Omit any picture, and return the remaining data exactly as written.

========================================================================

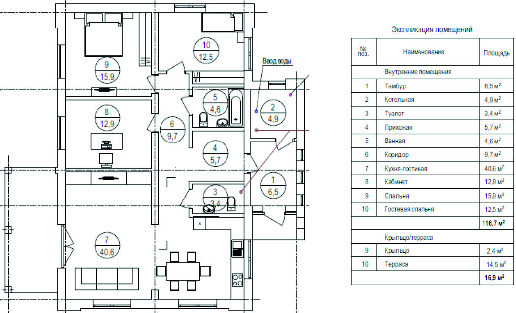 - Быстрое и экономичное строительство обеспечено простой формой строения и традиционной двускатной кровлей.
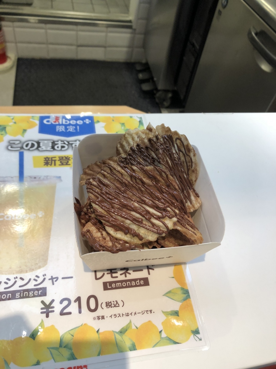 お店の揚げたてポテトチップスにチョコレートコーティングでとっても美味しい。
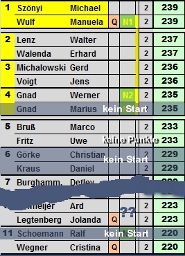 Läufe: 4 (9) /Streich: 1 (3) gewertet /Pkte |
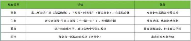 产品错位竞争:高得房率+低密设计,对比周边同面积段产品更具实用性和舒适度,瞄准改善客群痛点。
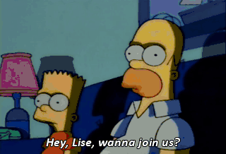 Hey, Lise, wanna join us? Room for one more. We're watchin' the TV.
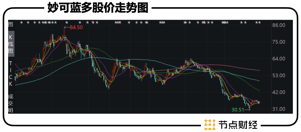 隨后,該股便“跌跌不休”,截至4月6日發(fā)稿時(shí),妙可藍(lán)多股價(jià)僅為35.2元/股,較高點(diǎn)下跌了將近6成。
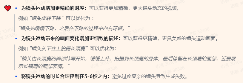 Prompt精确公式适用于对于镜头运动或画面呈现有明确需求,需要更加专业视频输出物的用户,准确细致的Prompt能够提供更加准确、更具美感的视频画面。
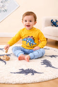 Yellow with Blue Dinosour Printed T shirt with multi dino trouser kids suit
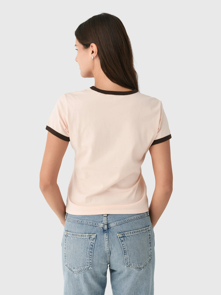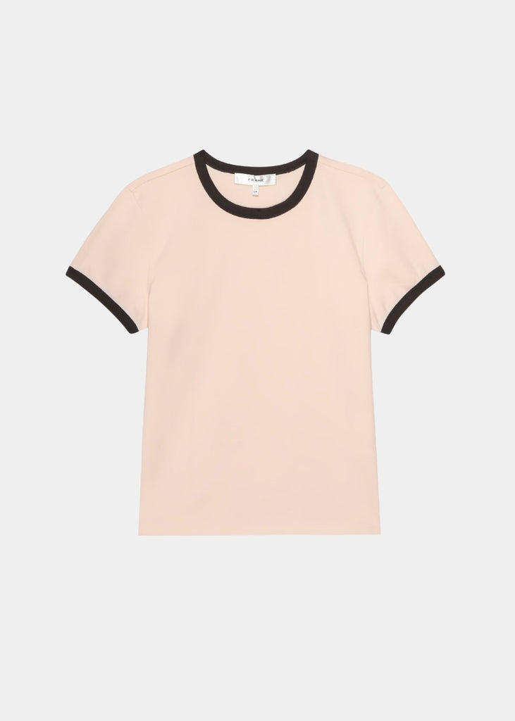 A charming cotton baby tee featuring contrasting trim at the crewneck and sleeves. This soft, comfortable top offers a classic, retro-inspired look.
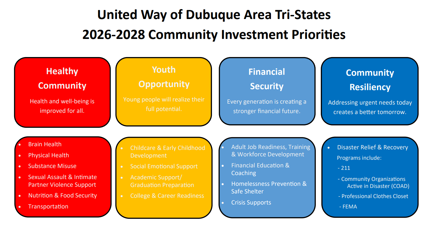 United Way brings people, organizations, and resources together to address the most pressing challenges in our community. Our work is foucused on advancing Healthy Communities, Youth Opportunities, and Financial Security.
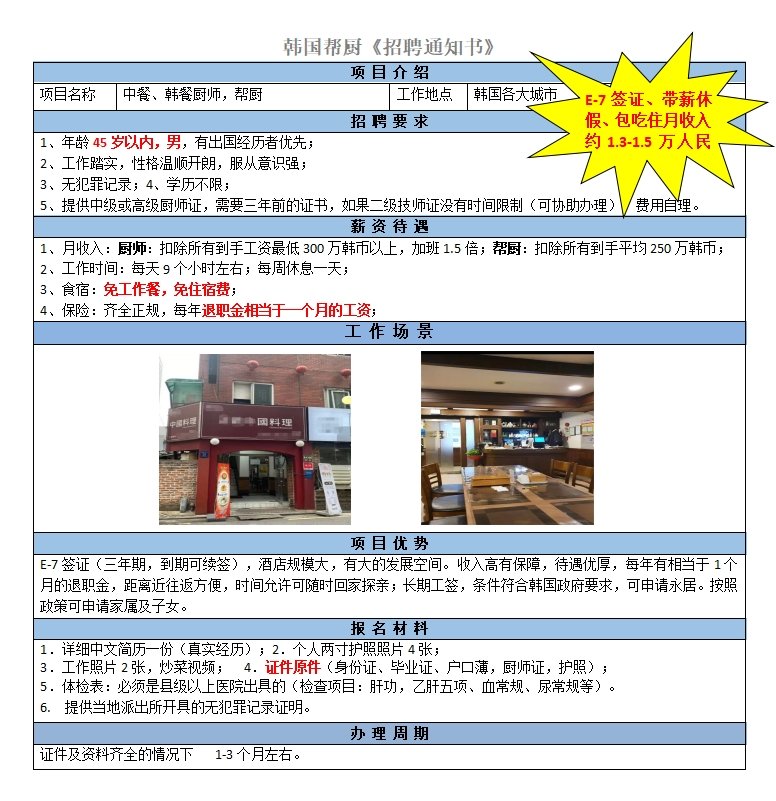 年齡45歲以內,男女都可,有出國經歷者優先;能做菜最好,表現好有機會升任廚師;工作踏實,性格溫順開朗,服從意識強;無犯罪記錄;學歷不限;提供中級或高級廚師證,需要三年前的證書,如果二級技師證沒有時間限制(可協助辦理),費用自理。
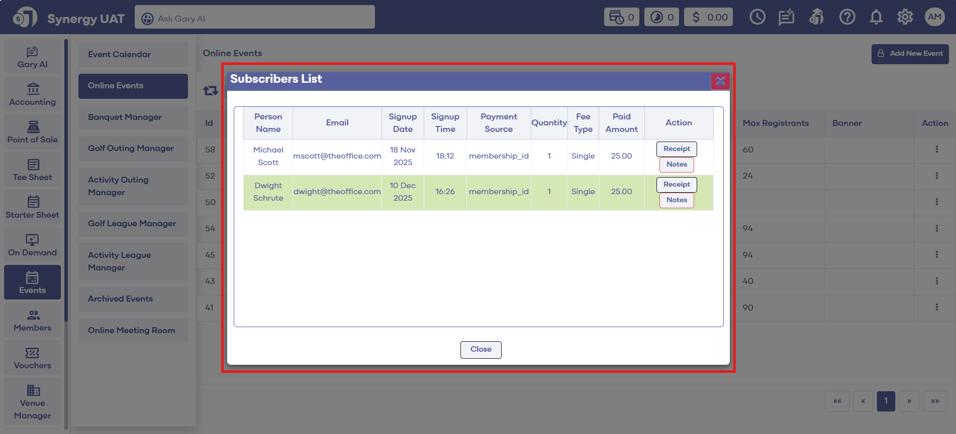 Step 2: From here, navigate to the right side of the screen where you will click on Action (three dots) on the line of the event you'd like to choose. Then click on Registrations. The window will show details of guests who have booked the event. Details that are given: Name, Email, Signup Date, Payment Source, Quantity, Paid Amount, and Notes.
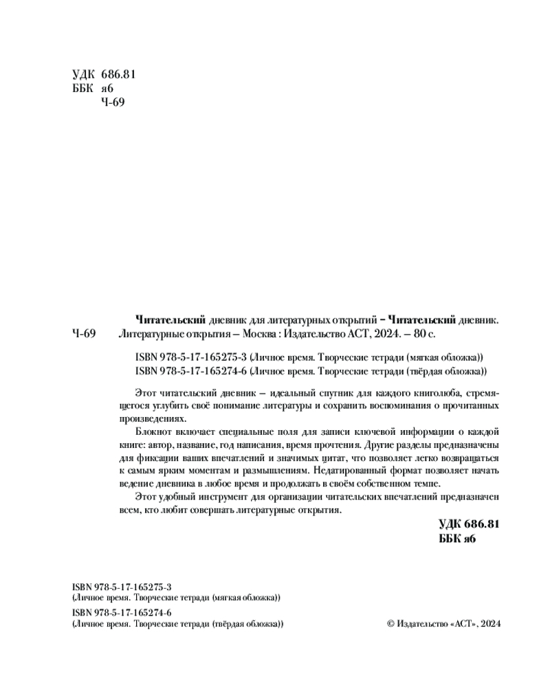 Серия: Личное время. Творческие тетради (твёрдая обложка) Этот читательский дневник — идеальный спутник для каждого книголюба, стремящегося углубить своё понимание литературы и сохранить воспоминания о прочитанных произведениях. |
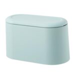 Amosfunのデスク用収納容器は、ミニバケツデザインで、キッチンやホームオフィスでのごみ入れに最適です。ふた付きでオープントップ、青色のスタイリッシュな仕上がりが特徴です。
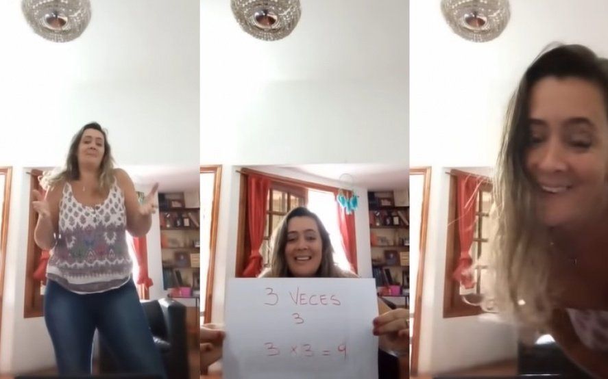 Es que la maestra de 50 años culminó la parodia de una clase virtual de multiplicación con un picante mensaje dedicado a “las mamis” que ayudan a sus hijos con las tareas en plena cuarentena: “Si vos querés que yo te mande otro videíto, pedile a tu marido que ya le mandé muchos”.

========================================================================

#### Answer to the exercise
 - Быстрое и экономичное строительство обеспечено простой формой строения и традиционной двускатной кровлей.
 お店の揚げたてポテトチップスにチョコレートコーティングでとっても美味しい。
 Läufe: 4 (9) /Streich: 1 (3) gewertet /Pkte |
 产品错位竞争:高得房率+低密设计,对比周边同面积段产品更具实用性和舒适度,瞄准改善客群痛点。
 Hey, Lise, wanna join us? Room for one more. We're watchin' the TV.
 隨后,該股便“跌跌不休”,截至4月6日發(fā)稿時(shí),妙可藍(lán)多股價(jià)僅為35.2元/股,較高點(diǎn)下跌了將近6成。
 Prompt精确公式适用于对于镜头运动或画面呈现有明确需求,需要更加专业视频输出物的用户,准确细致的Prompt能够提供更加准确、更具美感的视频画面。
 Yellow with Blue Dinosour Printed T shirt with multi dino trouser kids suit
 A charming cotton baby tee featuring contrasting trim at the crewneck and sleeves. This soft, comfortable top offers a classic, retro-inspired look.
 United Way brings people, organizations, and resources together to address the most pressing challenges in our community. Our work is foucused on advancing Healthy Communities, Youth Opportunities, and Financial Security.
 年齡45歲以內,男女都可,有出國經歷者優先;能做菜最好,表現好有機會升任廚師;工作踏實,性格溫順開朗,服從意識強;無犯罪記錄;學歷不限;提供中級或高級廚師證,需要三年前的證書,如果二級技師證沒有時間限制(可協助辦理),費用自理。
 Step 2: From here, navigate to the right side of the screen where you will click on Action (three dots) on the line of the event you'd like to choose. Then click on Registrations. The window will show details of guests who have booked the event. Details that are given: Name, Email, Signup Date, Payment Source, Quantity, Paid Amount, and Notes.
 Серия: Личное время. Творческие тетради (твёрдая обложка) Этот читательский дневник — идеальный спутник для каждого книголюба, стремящегося углубить своё понимание литературы и сохранить воспоминания о прочитанных произведениях. |
 Amosfunのデスク用収納容器は、ミニバケツデザインで、キッチンやホームオフィスでのごみ入れに最適です。ふた付きでオープントップ、青色のスタイリッシュな仕上がりが特徴です。
 Es que la maestra de 50 años culminó la parodia de una clase virtual de multiplicación con un picante mensaje dedicado a “las mamis” que ayudan a sus hijos con las tareas en plena cuarentena: “Si vos querés que yo te mande otro videíto, pedile a tu marido que ya le mandé muchos”.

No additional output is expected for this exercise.